IBM-Summit

Introduction

We had discussed HPC race previously. See: https://rpubs.com/alex-lev/696179, https://rpubs.com/alex-lev/694840, https://rpubs.com/alex-lev/693131, https://rpubs.com/alex-lev/553777

TOP500 data

Data for November 2020 can be downloaded here: https://www.top500.org/lists/top500/2020/11/

Filtering Data

Note: the original names of variables were changed (truncated, concatenated and simplified) for the purpose of data exploration and visualization as much as possible.

library(readxl)
library(tidyverse)
library(tidyquant)
library(broom)
library(DT)
library(knitr)



TOP500_202011 <- read_excel("top500/TOP500_202011.xlsx")
names(TOP500_202011)
##  [1] "Rank"                        "PreviousRank"               
##  [3] "FirstAppearance"             "FirstRank"                  
##  [5] "Name"                        "Computer"                   
##  [7] "Site"                        "Manufacturer"               
##  [9] "Country"                     "Year"                       
## [11] "Segment"                     "TotalCores"                 
## [13] "AcceleratorCoProcessorCores" "Rmax"                       
## [15] "Rpeak"                       "Nmax"                       
## [17] "Nhalf"                       "HPCG"                       
## [19] "Power"                       "PowerSource"                
## [21] "PowerEfficiency"             "Architecture"               
## [23] "Processor"                   "ProcessorTechnology"        
## [25] "ProcessorSpeed"              "OperatingSystem"            
## [27] "OSFamily"                    "AcceleratorCoProcessor"     
## [29] "CoresperSocket"              "ProcessorGeneration"        
## [31] "SystemModel"                 "SystemFamily"               
## [33] "InterconnectFamily"          "Interconnect"               
## [35] "Continent"                   "SiteID"                     
## [37] "SystemID"

Problem

We want to discriminate HPC mainframes of China and USA, applying exploratory multivariate methods such as principal component analysis, correspondence analysis or clustering.
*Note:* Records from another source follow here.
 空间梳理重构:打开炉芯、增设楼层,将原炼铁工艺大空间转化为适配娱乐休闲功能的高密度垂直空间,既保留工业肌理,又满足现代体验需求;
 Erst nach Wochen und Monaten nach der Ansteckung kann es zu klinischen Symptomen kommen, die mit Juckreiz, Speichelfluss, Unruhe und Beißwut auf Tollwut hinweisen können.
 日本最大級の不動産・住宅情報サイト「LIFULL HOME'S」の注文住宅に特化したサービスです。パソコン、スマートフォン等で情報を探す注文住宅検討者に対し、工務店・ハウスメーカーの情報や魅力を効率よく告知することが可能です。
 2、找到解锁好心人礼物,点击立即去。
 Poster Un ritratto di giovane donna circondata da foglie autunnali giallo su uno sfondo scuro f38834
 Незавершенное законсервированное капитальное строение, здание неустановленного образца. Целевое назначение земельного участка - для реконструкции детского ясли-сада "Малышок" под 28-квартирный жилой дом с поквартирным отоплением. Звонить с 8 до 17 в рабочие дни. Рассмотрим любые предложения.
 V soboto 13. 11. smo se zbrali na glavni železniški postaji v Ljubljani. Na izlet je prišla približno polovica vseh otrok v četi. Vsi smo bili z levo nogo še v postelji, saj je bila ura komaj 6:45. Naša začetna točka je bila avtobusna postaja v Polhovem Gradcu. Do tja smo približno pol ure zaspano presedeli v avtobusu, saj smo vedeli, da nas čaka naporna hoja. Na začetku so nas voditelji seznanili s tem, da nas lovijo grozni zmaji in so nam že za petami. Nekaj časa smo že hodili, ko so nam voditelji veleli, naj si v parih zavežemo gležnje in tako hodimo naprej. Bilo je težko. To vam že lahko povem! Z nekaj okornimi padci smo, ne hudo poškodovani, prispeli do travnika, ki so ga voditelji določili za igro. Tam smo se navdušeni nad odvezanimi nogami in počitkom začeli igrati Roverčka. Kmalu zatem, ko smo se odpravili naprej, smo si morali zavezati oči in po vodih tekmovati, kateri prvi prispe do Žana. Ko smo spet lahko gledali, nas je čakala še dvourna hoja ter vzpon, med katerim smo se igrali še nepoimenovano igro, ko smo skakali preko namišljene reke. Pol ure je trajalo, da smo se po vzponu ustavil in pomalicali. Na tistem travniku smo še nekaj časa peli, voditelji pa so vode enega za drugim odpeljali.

To this end we use FactorMinor package by Francois Husson, Julie Josse, Sebastien Le, Jeremy Mazet. For more see:http://factominer.free.fr/index.html

TOP500.USCH <- as_tibble(TOP500_202011) %>% filter(Country %in% c("United States","China")) %>% select(Country, InterconnectFamily, Architecture, Rank, Year, TotalCores, Rmax, Rpeak, Nmax, Power, PowerEfficiency, ProcessorSpeed, CoresperSocket) %>%drop_na()

TOP500.USCH  %>% datatable()#kable(align = "r",caption = "TOP500: China - USA")

This dataset contains 98 individuals (mainframes) and 13 variables, 3 qualitative variables (Country, InterconnectFamily, Architecture) are considered as illustrative.

1. Study of the outliers

The analysis of the graphs does not detect any outlier.


2. Inertia distribution

The inertia of the first dimensions shows if there are strong relationships between variables and suggests the number of dimensions that should be studied.

The first two dimensions of analyse express 60.16% of the total dataset inertia ; that means that 60.16% of the individuals (or variables) cloud total variability is explained by the plane. This percentage is relatively high and thus the first plane well represents the data variability. This value is strongly greater than the reference value that equals 31.13%, the variability explained by this plane is thus highly significant (the reference value is the 0.95-quantile of the inertia percentages distribution obtained by simulating 2020 data tables of equivalent size on the basis of a normal distribution).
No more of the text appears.